• Description of the task: From the first line to the last, give the material again exactly, without the images.

• Dataset extract:
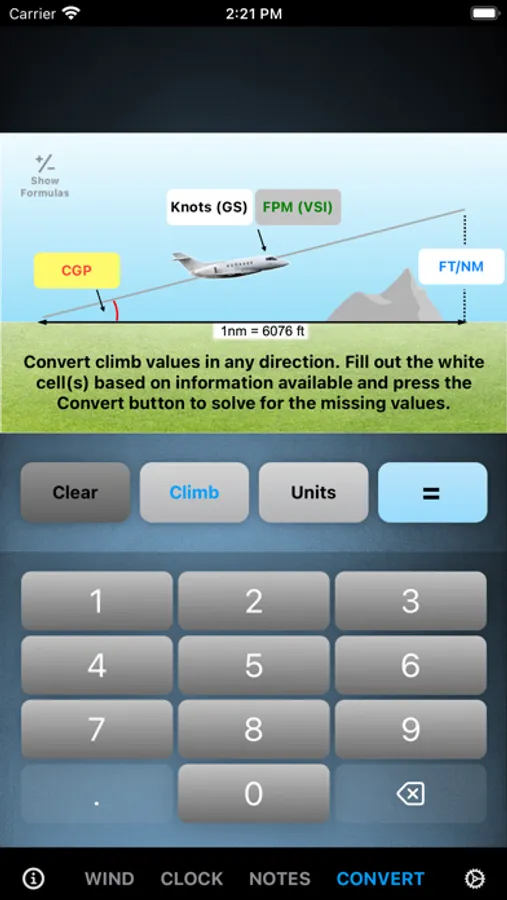 3. Climb requirement converter ("Climb wheel"): This customized calculator allows you to convert your climb requirement values. Simply input the values you have, press “Convert,” and let X-Wind solve for the rest.
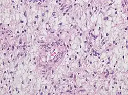 Fotomicrografia exibindo as células tumorais de glioma angiocêntrico por avaliação histológica, Coloração H&E.[16]
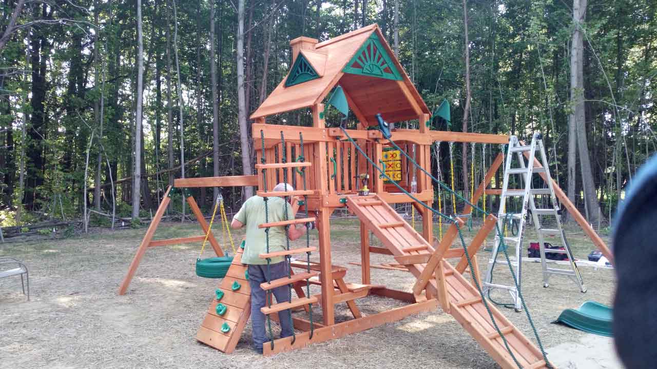 It is easy though to put together. Place the set on level ground, not less than six feet apart from any structure or obstruction such as house, fence, house, overhanging branches, electrical wires even laundry lines your option are endless. Indeed, the guidelines recommend you to make playsets in the safety zone to prevent the damage. Tools required also explain the instruction inside the product makes you easier to prepare.

• Answer to this exercise:
 3. Climb requirement converter ("Climb wheel"): This customized calculator allows you to convert your climb requirement values. Simply input the values you have, press “Convert,” and let X-Wind solve for the rest.
 Fotomicrografia exibindo as células tumorais de glioma angiocêntrico por avaliação histológica, Coloração H&E.[16]
 It is easy though to put together. Place the set on level ground, not less than six feet apart from any structure or obstruction such as house, fence, house, overhanging branches, electrical wires even laundry lines your option are endless. Indeed, the guidelines recommend you to make playsets in the safety zone to prevent the damage. Tools required also explain the instruction inside the product makes you easier to prepare.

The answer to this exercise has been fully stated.